HOW TO COMPLETE THIS TASK: Give again only the lines from the line that holds "Bronislava and Vaslav Nijinsky's" to the end of the data, inclusive, omitting all pictures.

DATASET CONTENT:
* * *

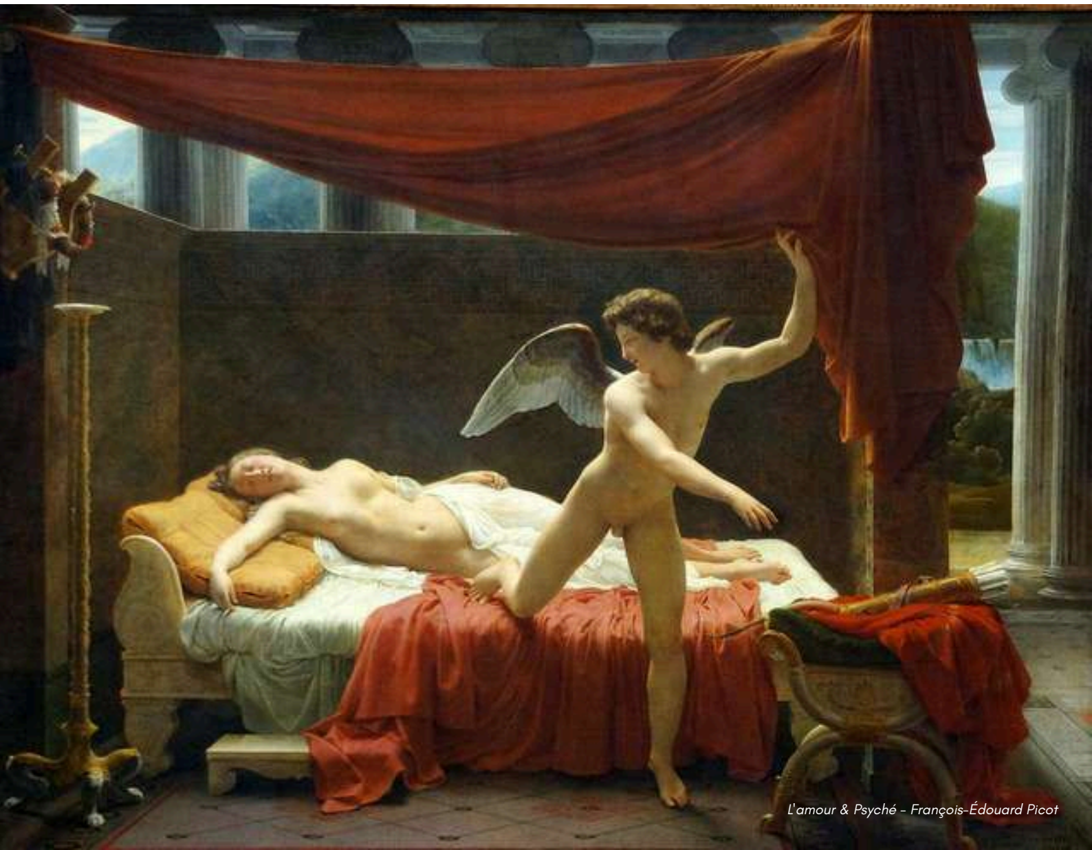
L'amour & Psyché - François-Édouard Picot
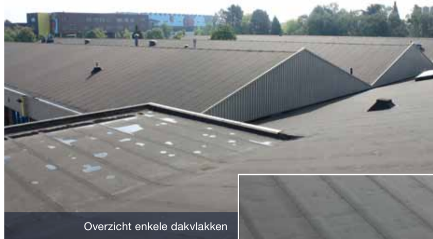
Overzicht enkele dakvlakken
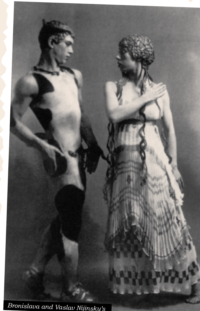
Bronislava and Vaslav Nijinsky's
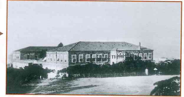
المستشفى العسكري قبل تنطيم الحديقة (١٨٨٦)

* * *

RESULT:
Bronislava and Vaslav Nijinsky's
المستشفى العسكري قبل تنطيم الحديقة (١٨٨٦)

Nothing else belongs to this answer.